2002 Programming Contest

Results

Nine teams from various schools in Idaho participated in the sixth High School programming contest.  A total of 25 students participated in the contest.

The first place team was from Centennial High School. The team members were Kelv Cutler Steven Madsen, Stephen Longmuir. They were able to solve all three problems correctly! The second place team was from Eagle High School. The team members were Nathan McIntyre, Scott Carter, Stephen Sledjieski. The third team was from Centennial High School. The team members were Nalin Ratnayake, Michael Owen. All teams finished at least one program correctly.

The Problems

Here are the problems used in the competition.
 
 
 
 


Problem 1: Word Chain

Description: A Word Chain is a sequence of words which differ by one letter. The
following sequence is a word chain

MOM MOP MAP TAP TOP TOW

because each adjacent word differs by exactly one letter.

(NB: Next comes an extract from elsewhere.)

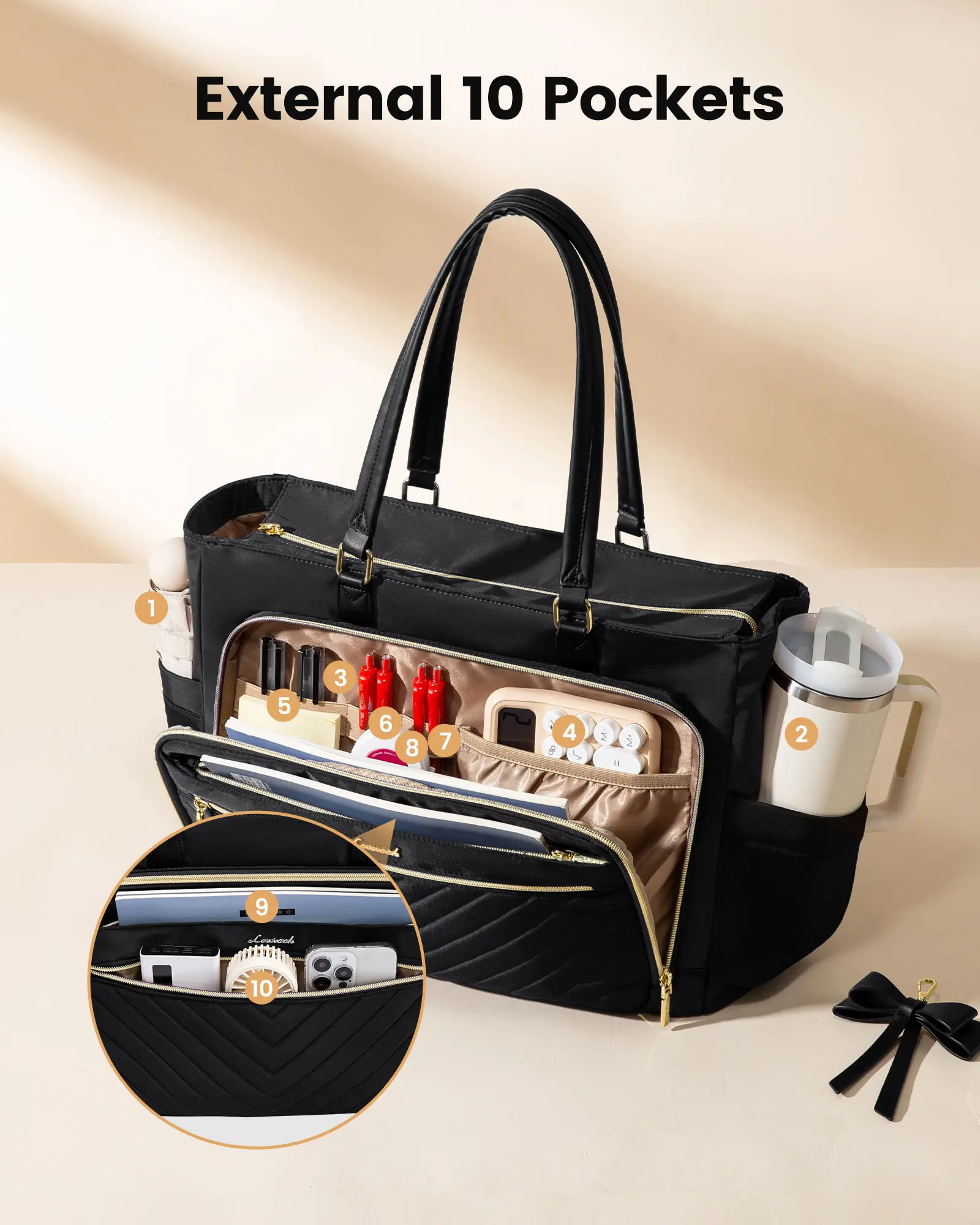 ·Large Capacity & Multiple Pockets: This large tote bag offers incredible organization with 17 distinct pockets, including a large cup holder capable of holding 40oz bottles. The padded laptop compartment secures your devices inside this laptop tote bag for women, while exterior pockets are perfect for items like umbrellas and other essentials. Whether you need a school tote bag or teacher bag, this design delivers on capacity without compromising style.

Write a program that  accepts a sequence of words and tests whether it is word chain. Assume that each sequence is terminated by a special word named END. {\it The word END is not part of the sequence}. Some test sequences are: HEAL, HEAD, DEAD, DEED, DEER, BEER, END and the sequence TWO, TOO, TOP, PIP, POP, END. After reading a  sequence print whether it is or is not a word chain.
 
 

Examples:

Input:
MOM MOP MAP TAP TOP TOW END

Output:
is a word chain.

Input:
TWO TOO TOP PIP POP END

Output:
is not a word chain.


Problem 2: Circular Numbers


Description:   A whole number is said to be circular if, when you multiply the number by its units decimal digit, the result is the number with its decimal digits rotated to the right, where the units digit becoming its high-order digit. For example, 11111 is a circular number because of the multiplication:

11111
       x1
--------
11111
 

Write a program to test if a given number is a circular number. You may assume
that the given number is in the range 0 through 2,000,000,000.
 
 

Examples:

Input:
123456

Output:
123456 is not a circular number

Input:
11111

Output:
11111 is a circular number
 
 


Problem 3: Phoney Programming


Description: A standard telephone has both numbers and letters on its keys. Each of
the ten number keys has the letters associated as follows:

1,0: Have no corresponding letters
2:   A B C
3:   D E F
4:   G H I
5:   J K L
6:   M N O
7:   P R S
8:   T U V
9:   W X Y

If the last four digits of the phone number contains a 0 or a 1 then your program does nothing. Otherwise, it checks all the permutations formed from the letters represented by the corresponding numbers of the last four digits of the phone number against an English dictionary and then prints out all the permutations that were found in the dictionary.

For the competition, an English dictionary is available at /usr/share/dict/words. It contains 45424 words, one per line. Your program should use this dictionary.
 

Example:

Input:
3332665

Output:
amok
book
cook
cool

Input:
3450147

Output:
Sorry, the phone number contains 0 or 1 in the last 4 digits.